Diversas expedições enviadas para destruir Palmares fracassaram, e o quilombo só foi destruído
em 1694, sob o comando do bandeirante paulista Domingos Jorge Velho. Zumbi foi assassinado
em 20 de novembro do ano seguinte, transformando-se em um grande símbolo da resistência à
escravidão e da luta pela liberdade. Em 2011, a data de sua morte foi oficializada como o Dia
Nacional de Zumbi e da Consciência Negra no Brasil.
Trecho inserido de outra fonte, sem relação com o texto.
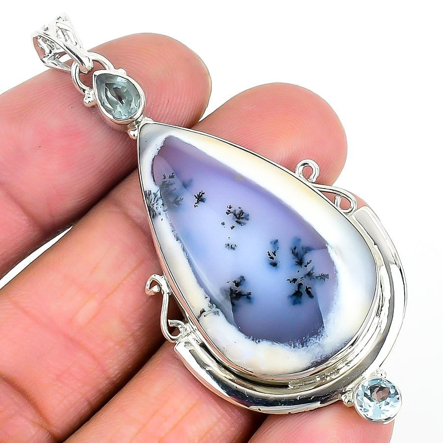 Dendrite Opal Gemstone Sterling Silver Wedding Trendy Daughter Pendant Jewelry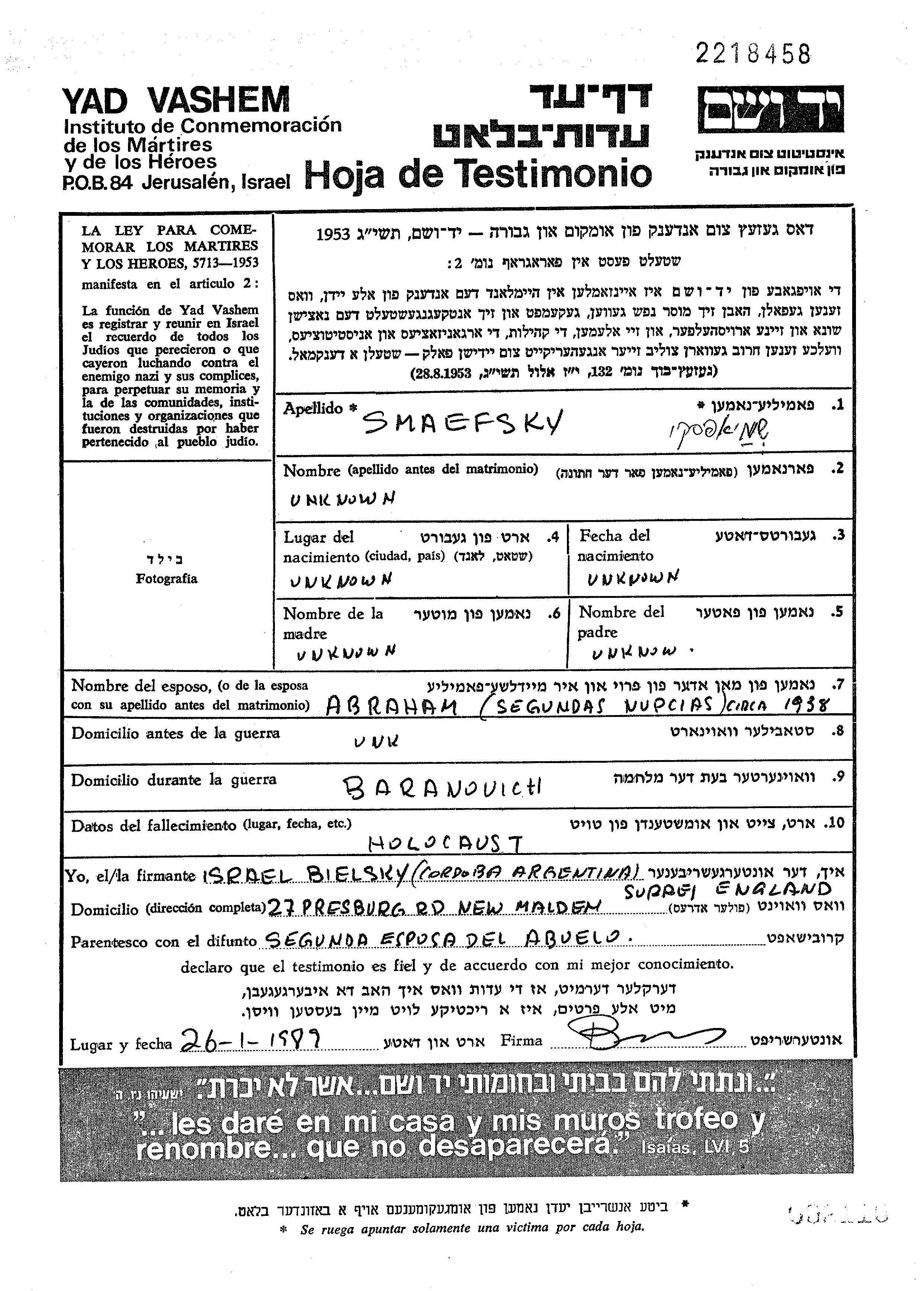 Smaefsky prénom inconnu endroit inconnu, Feuille de témoignage

A fuga, contudo, não era a única forma de resistência utilizada pelos africanos escravizados,
como mostra o texto a seguir:
“Não se deve considerar como formas de resistência ao sistema escravista só as fugas ou as
rebeliões generalizadas e violentas. Existia também uma resistência quotidiana: defesa da vida
privada, sabotagem, roubo, atrasos intencionais, uso sutil do sarcasmo e da ironia em relação aos
brancos... A música e os cultos africanos – que sobreviveram a muitas perseguições e
dificuldades, misturando-se com o cristianismo em graus e modalidades diversos –
desempenharam um grande papel na manutenção da unidade de cada comunidade negra [...]. Os
contos populares, nos quais muitas vezes o negro – ou um personagem mítico que o representa –
leva vantagem sobre o branco ou um símbolo deste, foram também um elemento importante na
preservação da humanidade e da autonomia subjetiva do escravo diante dos seus próprios olhos.
Formas violentas de luta eram os suicídios, infanticídios e envenenamentos, por vezes reais, mas
em numerosos casos imputáveis à ‘histeria coletiva’ dos senhores [...].”
CARDOSO, Ciro Flamarion S. A Afro-América: a escravidão no Novo Mundo. 2. ed. São Paulo: Brasiliense, 1984. p.